The Commissioner said she did not mislead the Public Accounts Committee yesterday.

Image: Sam Boal

GARDA COMMISSIONER NÓIRÍN O’Sullivan has said that a criminal investigation into the actions of senior gardaí at Templemore is possible.

She said that financial irregularities were legacy issues but could form the basis of a serious investigation into what happened at the Garda College.

She added that the matters dated back 30 years and that she only became aware of them in 2015.

The financial irregularities include a fund that was used for gifts and entertainment, rent collected for a site that should have been paid to the Office of Public Works and the transfer of money to the Garda Boat Club.

Assistant Commissioner John O’Driscoll will now examine a report conducted by the force’s head of audit, Niall Kelly, and will make recommendations including whether or not an official criminal probe into activities of senior gardaí at Templemore should begin.

The Commissioner said:

I have an Assistant Commissioner examining the report to see if there are any issues from civil, criminal or administrative law perspectives arising from it. He will make recommendations and they will be fully addressed.
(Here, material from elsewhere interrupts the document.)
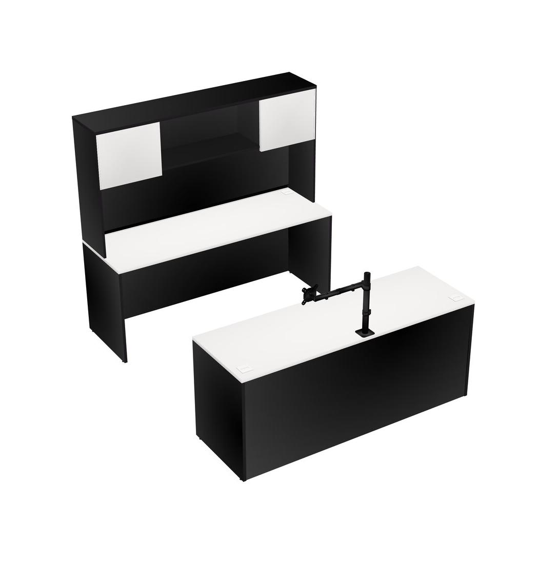Bureau Parallèle, Bureau Crédence + Huche + Bras Pour écran (bras Simple)
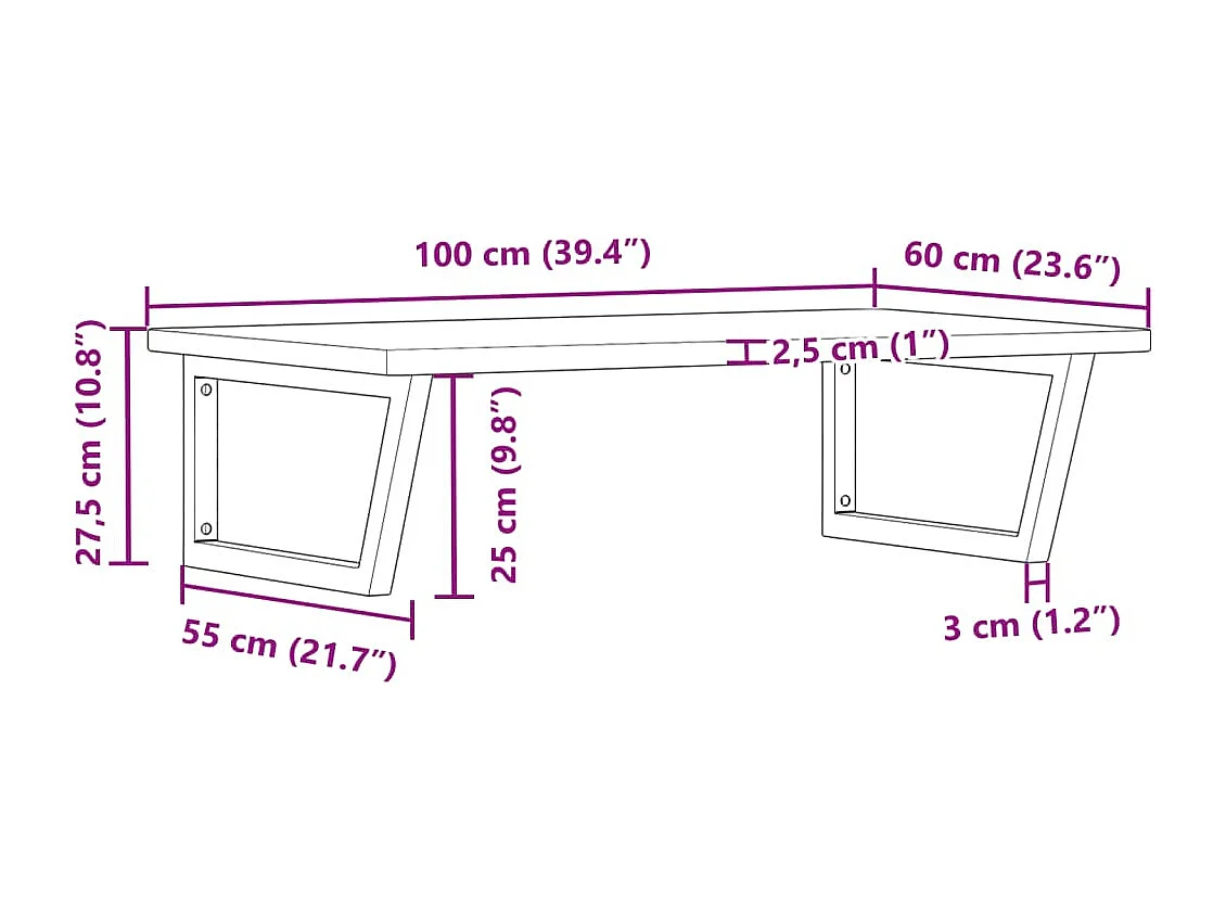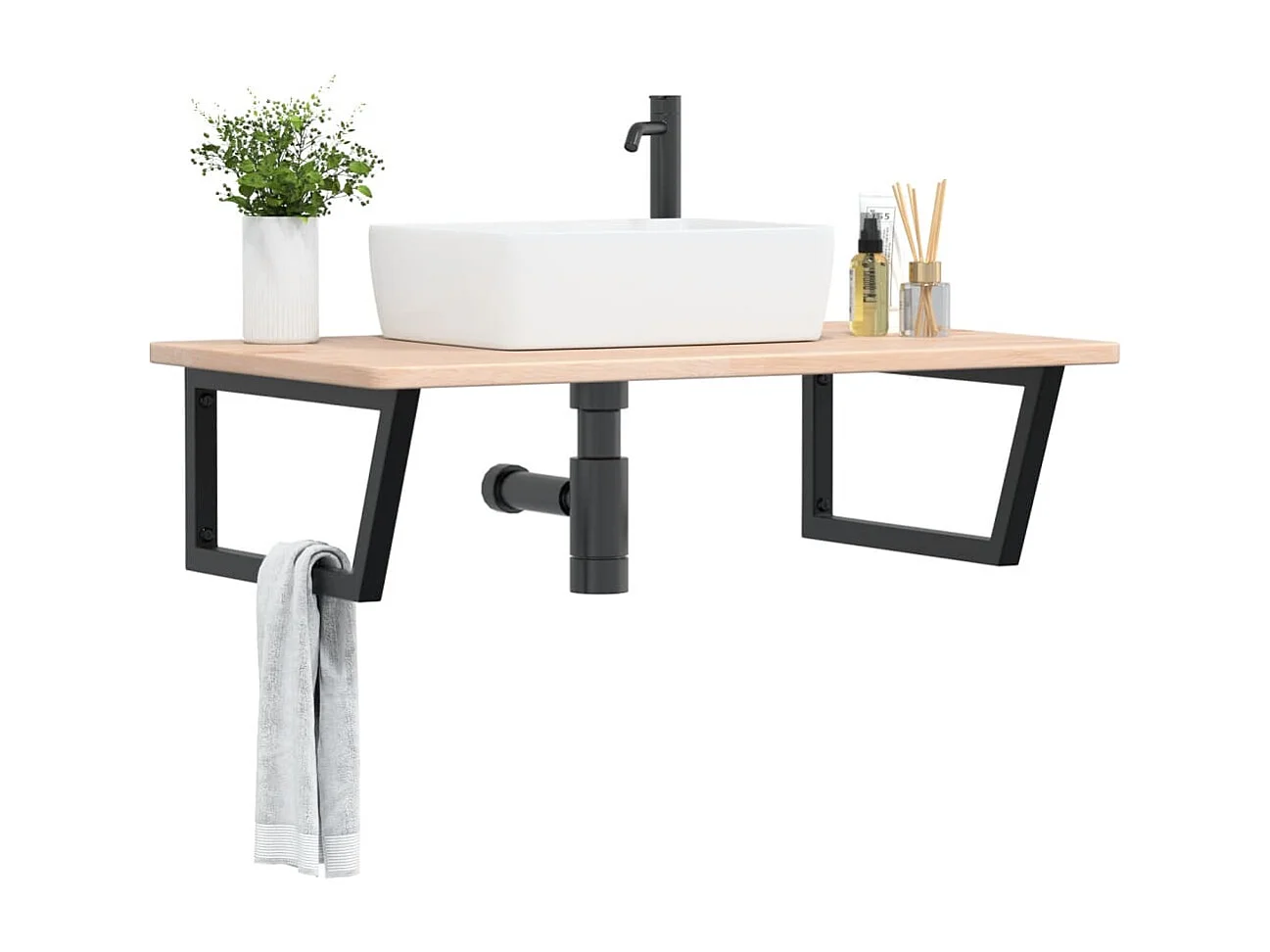 Ripiano a Parete per Lavabo in Acciaio e Massello di Acacia

O’Sullivan also stressed that “under no circumstances” did she mislead a Dáil committee yesterday.

Sinn Féín’s deputy leader Mary Lou McDonald claimed the Commissioner’s contributions to the Public Accounts Committee (PAC) yesterday were full of “discrepancies, evasion and delay”.

O’Sullivan said today:

We will find out what happened and who knew about it. We have to make sure there are standards in place.

comish Commissioner at the Public Accounts Committee yesterday.

In the more than five-hour hearing yesterday, the Commissioner told politicians that she first became aware of the extent of the issues when she received a report with recommendations from her head of legal affairs on 28 July 2015.

An odd exchange between O’Sullivan and director of Garda HR John Barrett then developed over the length of time the Commissioner had spent with Barrett discussing the money issues.

She told the PAC:

Prior to that, on 27 July there was a very brief conversation in a room after meeting in Templemore in which Mr Barrett raised issues around work he was doing.

“The meeting was over two hours – it’s in the minutes,” Barrett interjected.

He had become aware of audits from 2008 and 2010 that identified accounting irregularities, and flagged them with his chief administrative officer. He had then compiled a report bringing the contents of these two audits together.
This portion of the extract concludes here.